* **Exercise brief**
Copy only what lies from the line containing "吹奏楽部が、音楽室で発表会を" through the line containing "Дуплекс, 3 поверхи, 4" in the entries below, keeping both end lines exact and dropping every picture.

#### Task material

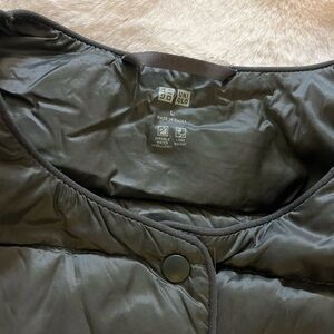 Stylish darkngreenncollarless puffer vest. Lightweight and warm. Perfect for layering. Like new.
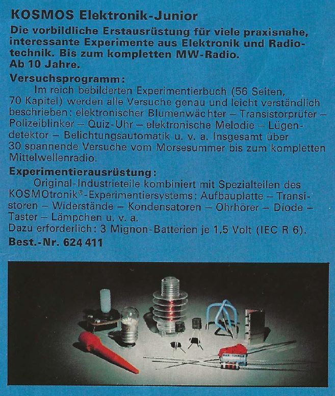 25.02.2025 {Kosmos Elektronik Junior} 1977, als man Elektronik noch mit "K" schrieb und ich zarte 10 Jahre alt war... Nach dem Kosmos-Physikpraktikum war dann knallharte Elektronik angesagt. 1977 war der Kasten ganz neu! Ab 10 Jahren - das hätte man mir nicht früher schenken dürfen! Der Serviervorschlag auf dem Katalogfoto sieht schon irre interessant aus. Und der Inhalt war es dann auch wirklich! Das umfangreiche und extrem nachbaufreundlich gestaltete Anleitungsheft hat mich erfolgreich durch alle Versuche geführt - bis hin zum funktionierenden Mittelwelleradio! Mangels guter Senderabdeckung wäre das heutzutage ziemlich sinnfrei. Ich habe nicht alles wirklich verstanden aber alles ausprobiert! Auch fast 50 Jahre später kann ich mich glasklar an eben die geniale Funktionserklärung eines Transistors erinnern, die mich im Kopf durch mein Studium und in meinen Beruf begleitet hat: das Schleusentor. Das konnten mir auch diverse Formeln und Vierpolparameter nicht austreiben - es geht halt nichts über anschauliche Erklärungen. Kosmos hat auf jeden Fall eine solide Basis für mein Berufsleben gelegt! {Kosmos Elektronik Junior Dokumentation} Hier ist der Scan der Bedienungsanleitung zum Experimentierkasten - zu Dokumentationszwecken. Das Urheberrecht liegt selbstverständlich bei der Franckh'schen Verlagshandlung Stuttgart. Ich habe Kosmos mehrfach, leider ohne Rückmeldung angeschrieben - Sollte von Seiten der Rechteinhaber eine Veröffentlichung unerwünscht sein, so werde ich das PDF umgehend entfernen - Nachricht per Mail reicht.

########
#### Task material

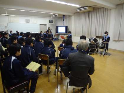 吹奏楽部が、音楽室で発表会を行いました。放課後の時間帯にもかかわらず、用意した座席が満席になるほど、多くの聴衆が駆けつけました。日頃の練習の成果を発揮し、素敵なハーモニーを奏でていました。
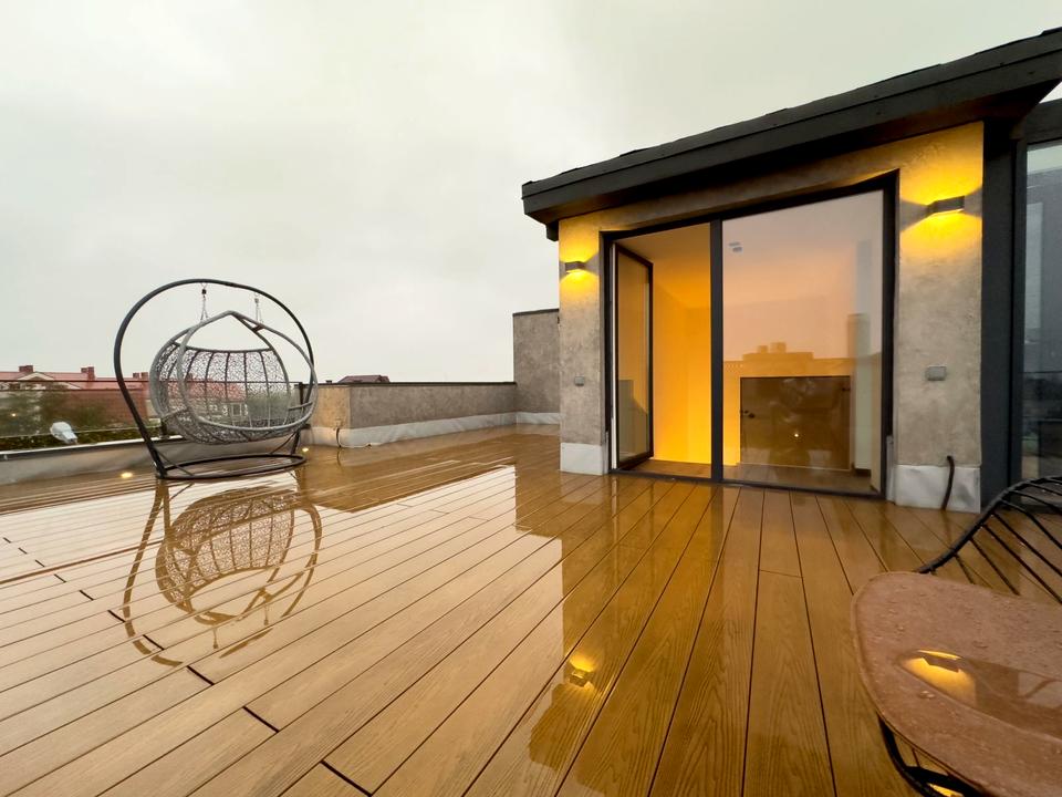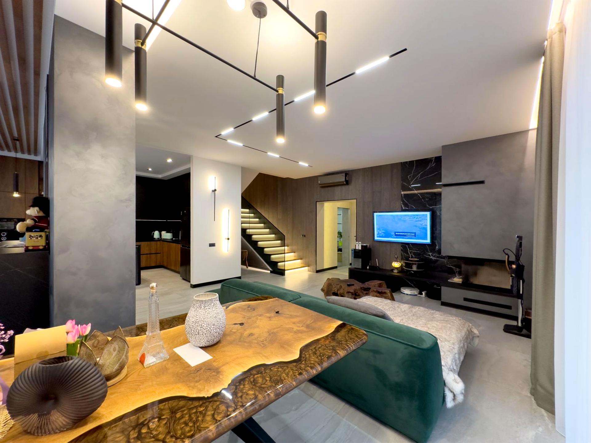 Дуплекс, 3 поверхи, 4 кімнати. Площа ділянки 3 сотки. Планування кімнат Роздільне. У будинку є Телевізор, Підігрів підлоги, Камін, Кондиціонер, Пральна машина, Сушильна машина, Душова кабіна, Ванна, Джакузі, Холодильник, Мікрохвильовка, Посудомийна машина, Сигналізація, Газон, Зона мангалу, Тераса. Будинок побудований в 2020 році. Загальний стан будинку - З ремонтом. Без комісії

########
#### Task material

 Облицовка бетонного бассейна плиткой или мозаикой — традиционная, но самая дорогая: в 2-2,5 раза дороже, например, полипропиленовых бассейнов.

########

* **Written response**
 吹奏楽部が、音楽室で発表会を行いました。放課後の時間帯にもかかわらず、用意した座席が満席になるほど、多くの聴衆が駆けつけました。日頃の練習の成果を発揮し、素敵なハーモニーを奏でていました。
 Дуплекс, 3 поверхи, 4 кімнати. Площа ділянки 3 сотки. Планування кімнат Роздільне. У будинку є Телевізор, Підігрів підлоги, Камін, Кондиціонер, Пральна машина, Сушильна машина, Душова кабіна, Ванна, Джакузі, Холодильник, Мікрохвильовка, Посудомийна машина, Сигналізація, Газон, Зона мангалу, Тераса. Будинок побудований в 2020 році. Загальний стан будинку - З ремонтом. Без комісії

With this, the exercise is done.